Market divergence: optimism and uncertainty coexist
Current oil price trends reflect a tug-of-war between two very different scenarios. Goldman Sachs estimates that if Persian Gulf exports fall by 15 million barrels/day for 30 days, Brent could drop to $72-$76/barrel; if a similar disruption continues for 60 days, prices might stabilize at $89-$93/barrel — still well above pre-war levels.
Thu Lan Nguyen, head of commodities and FX research at Deutsche Bank, said: "Everything depends on how the Iran situation unfolds. If the war ends within two weeks, I expect oil prices to fall further."
However, ceasefire prospects remain highly uncertain.

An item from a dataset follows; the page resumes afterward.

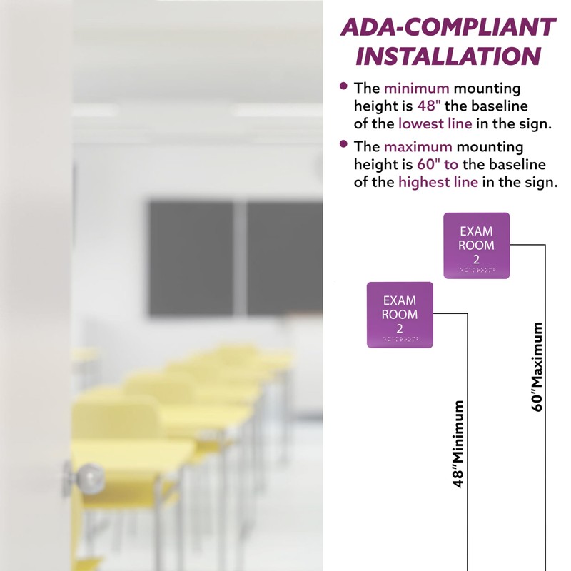 - ✍️ HIGH VISIBILITY SIGNAGE: ADA Central Signs are 100% ADA compliant and have a non-glare finish for improved visibility. Maintain public ADA rules, including raised symbols and lettering. The exam room sign serves as a visual indicator to guide students, teachers, and staff to the designated space for exam purposes.

On Tuesday, Trump also said he "won’t stop until the enemy is completely, decisively defeated." According to Xinhua, US Defense Secretary Hegseth said at a Pentagon briefing Tuesday that the day would be the "highest intensity" strike day in the operation, deploying the largest number of fighters and bombers for attacks on Iranian targets backed by "more precise and higher-quality intelligence than ever."
Andy Lipow, president of Lipow Oil Associates, takes a cautious view: “We need to observe how Iran responds to President Trump’s comments, and whether Iran will attack any oil infrastructure in the next few hours.”
Kenny Zhu, Global X research analyst, pointed out, "The Iran conflict remains a dynamically evolving event, with no clear sign of ending yet." When, and how, the Hormuz Strait disruption ends remains unresolved.